- Type: Geological group
- Sub-units: Panama Sandstone Member (3rd Sand); Bimber Run Conglomerate Member; Amity Shale; Salamanca Sandstone (2nd Sand); North Warren Shale Member; Sagerstown Shale; Pope Hollow Conglomerate Member; Woodcock Sandstone Member (1st Sand);
- Underlies: Riceville Formation

Lithology
- Primary: Sandstone, Siltstone
- Other: Shale

Location
- Region: New York, Ohio Pennsylvania, West Virginia
- Country: United States

Type section
- Named for: Venango County
- Named by: Carll (1880)

= Venango Group =

Geologic formation in the United States

The Venango Group, or Venango Sand is an Upper Devonian aged geological unit found in western Pennsylvania, western New York south east Ohio and central to western West Virginia.
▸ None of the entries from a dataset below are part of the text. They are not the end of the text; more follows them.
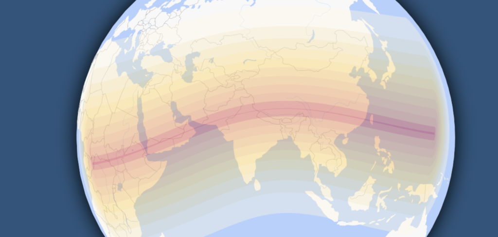 (บริเวณที่แนวเงาของสุริยุปราคาพาดผ่าน ที่มา – Date and Time)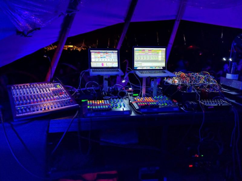 Rich:在有模組合成器的演出系統,需要大量謹慎地控制與準備,它是一個原始的並無法預測的樂器。我們兩個都非常享受這些從我們即興中帶了的有風險且不可預期的因素。我想 Christie 對這些演出前需要大量研究且謹慎地準備的素材的過程也非常享受,並且挑戰維持著控制,以免讓模組化合成器走向混亂的狀態。而我則是傾向透過簡單方便加入節奏組的堆疊、Bassline、人聲或效果,帶入較侵略性的東西到現場演出中。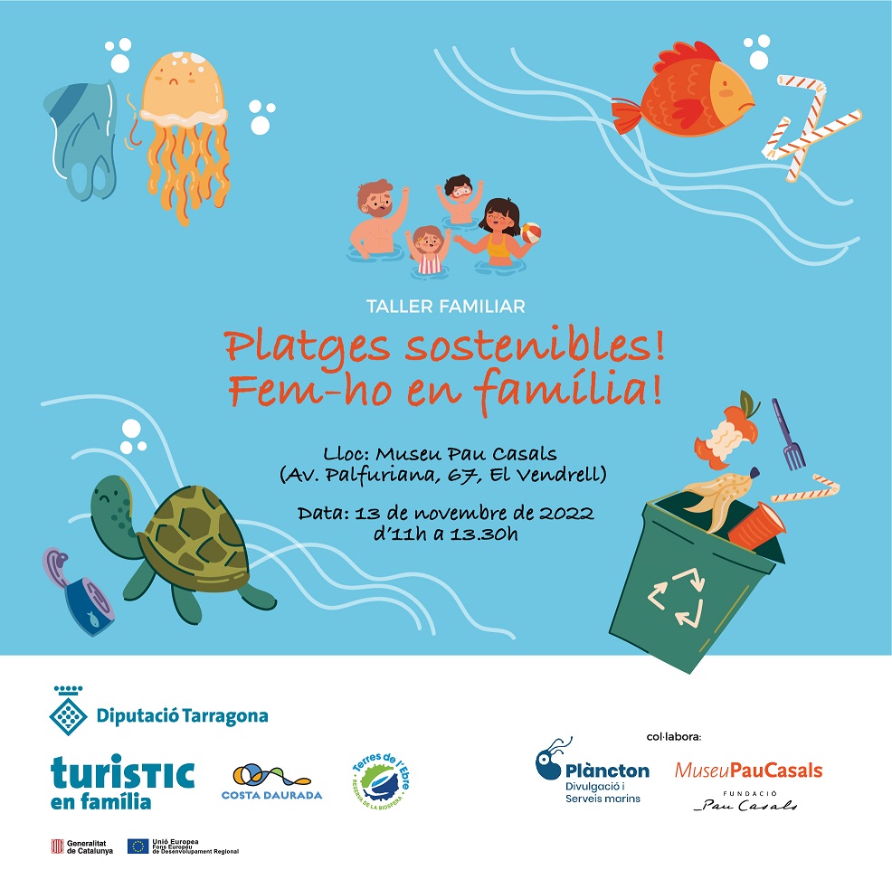 El diumenge 13 novembre 2022 Agenda cultural Què: Taller familiar: Platges sostenibles! Fem-ho en família! On: Museu Pau Casals. El Vendrell Quan: 13 novembre 2022 Hora: De 11:00 h a 13:30 h Projectes transversals Publicat04/11/2022 Imprimir L'operació Espai de Descoberta del PECT turisTIC en família organitza un taller gratuït adreçat a les famílies per conscienciar-les sobre la necessitat de tenir cura del litoral. Cal fer inscripció prèvia aquí. Banner de la jornada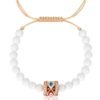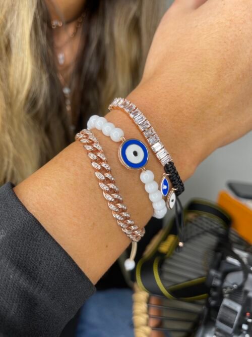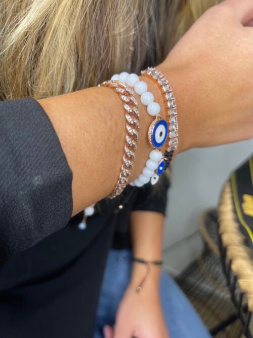 צמיד חרוזים לבנים עם עין כחולה עגולה מכסף טהור 925 בציפוי רוז גולד, משובצת זרקונים.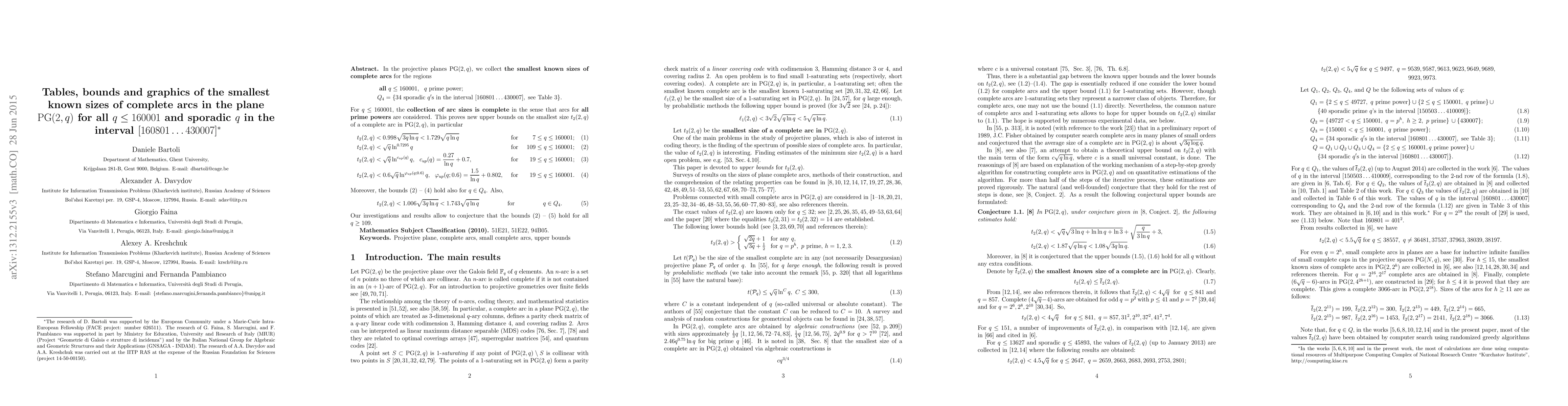 In the projective planes $\mathrm{PG}(2,q)$, we collect the smallest known sizes of complete arcs for the regions \begin{align*} &\mbox{all } q\le160001,~~ q \mbox{ prime power};\\ &Q_{4}=\{34 \mbox{ sporadic }q'\mbox{s in the interval }[160801\ldots430007], \mbox{ see Table 3}\}. \end{align*} For $q\le160001$, the collection of arc sizes is complete in the sense that arcs for all prime powers are considered. This proves new upper bounds on the smallest size $t_{2}(2,q)$ of a complete arc in $\mathrm{PG}(2,q)$, in particular \begin{align*} t_{2}(2,q)&<0.998\sqrt{3q\ln q}<1.729\sqrt{q\ln q}&\mbox{ for }&&7&\le q\le160001;~~(1) \\ t_{2}(2,q)&<\sqrt{q}\ln^{0.7295}q&\mbox{ for }&&109&\le q\le160001;~~(2)\\ t_{2}(2,q)&<\sqrt{q}\ln^{c_{up}(q)}q,~~c_{up}(q)=\frac{0.27}{\ln q}+0.7,&\mbox{ for }&&19&\le q\le160001;~~(3)\\ t_{2}(2,q)&<0.6\sqrt{q}\ln^{\varphi_{up}(q;0.6)} q,~~\varphi_{up}(q;0.6)=\frac{1.5}{\ln q}+0.802,&\mbox{ for }&&19&\le q\le160001.~~(4) \end{align*} Moreover, the bounds (2) -- (4) hold also for $q\in Q_{4}$. Also, \begin{align*} t_{2}(2,q)&<1.006\sqrt{3q\ln q}<1.743\sqrt{q\ln q}&\mbox{ for }&&q\in Q_{4}.~~(5) \end{align*} Our investigations and results allow to conjecture that the bounds (2) -- (5) hold for all $q\geq109$.

The Venango is the geologic unit that was produced after the Drake Well discovered oil in Venango County, Pennsylvania.

== Description ==
The Venango is made gray sandstones, often interbedded, light-gray siltstones, shales, with occasional conglomerate lenses. Colors vary from gray to light gray sandstones and conglomerates, to light blueish or greenish gray siltstones and dark gray to reddish gray shales. The reddish colors tend to be found further east where the Venango interfingers with the Catskill Formation. There are three major sand members of the Venango in ascending order; Panama sand, Salamanca Sandstone and the Woodcock Sandstone. All three have a history of oil production. Between each sandstone member are beds of shale and siltstone.

Informal names for members of the Venango are derived from names given by well drillers over the years. Drillers' nomenclature: Hundred-Foot sand, First Sand, Nineveh, Second Sand, Gordon Stray, Bayard, Elizabeth, Third Sand and Sweet Richard.

== Oil Production ==
After Edwin Drake successfully drill what is generally accepted as the world's first commercial oil well, people flocked to Venango County to strike it rich. This was the world's first oil boom.